Auszeichnungen der Stadt Wien an verdiente PrädagogInnen

Wien (OTS) - Die Zweite Präsidentin des Wiener Landtages, Marianne Klicka, überreichte an verdiente PädagogInnen für ihre lange, engagierte Berufsausübung, das vom Bundespräsidenten verliehene Silberne Ehrenzeichen um Verdienste der Republik Österreich und die Otto-Glöckel-Medaille der Stadt Wien. Das Silberne Ehrenzeichen erhielten die Direktorinnen Dipl.Päd.in Heidi Maria Bauer und Brigitte Marx sowie Oberschulrat Rudolf Wögerer. Die Otto-Glöckel-Medaillie erhielten Schulrätin Susanne Ertl, Direktorin Edith Gaderer-Witerna und Oberschulrat Walter Kern.

Klicka gratulierte zur Anerkennung und Würdigung für außerordentliche Leistungen im Schulwesen

Präsidentin Klicka bezeichnete die zu Ehrenden als ausgezeichnete Fachleute mit besonders großem Engagement im Bereich der Wiener Schulentwicklung. Die WürdenträgerInnen haben in ihrem Berufsleben als Lehrerinnen und Lehrer, als Direktorinnen und Direktoren und als Vortragende für die StudentInnen in den vergangenen 40 Jahren wesentliche schulpolitische und schulorganisatorische Arbeit geleistet. Meilensteine waren darunter, die Bildung von Integrationsklassen, in denen eine begrenzte Zahl von behinderten Kindern gemeinsam mit so genannten nicht behinderten Kindern unterrichtet werden. Neben der kognitiven Förderung durch zwei PädagogInnen profitieren alle SchülerInnen einer Integrationsklasse auch wesentlich in sozialen Bereichen.
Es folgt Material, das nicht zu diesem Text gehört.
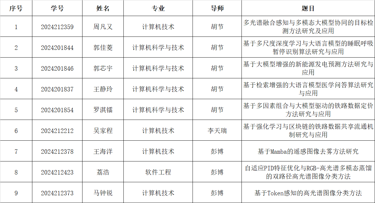 开题时间: 2026年2月26日(周四)下午2:00-4:00报告地点: 西南交通大学犀浦校区 X9431 (#腾讯会议:561-147-344)专家组成员 彭博 教授/博导 计算机与人工智能学院胡节……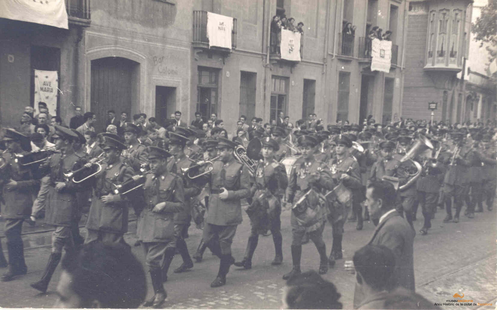 Visita de la Verge de Fàtima i benedicció de malals. Processó pel carrer de Francesc Macià, banda de música

Der 1962 als Schulversuch eingeführte Polytechnische Lehrgang und die daraus entstandenen Polytechnische Schule für Schüler der 9. Schulstufe, dient der allgemeinen Berufsorientierung und der Betriebserkundung im Rahmen von berufskundlichen Exkursionen. Weiters entstand bereits 1980 die erste Wiener Musikhauptschule am Schöpfwerk mit dem Schwerpunkt der Musikausübung an Allgemeinen Schulen die Kreativität und das Talent der Schülerinnen und Schüler zu fördern und trägt daher auch zum besseren Lernergebnis bei.

Abschließend meinte Klicka: "Otto Glöckel hat als Initiator der Reformpädagogik der Zwischenkriegszeit vor 80 Jahren bereits die Ära der Österreichischen Schulreform eingeleitet. Sein größtes Ziel, nämlich die gemeinsame Schule der 10 bis 15 jährigen konnte aufgrund zahlreicher Widerstände bis heute nicht flächendeckend umgesetzt werden. Wie dürfen nicht müde werden, daran zu arbeiten."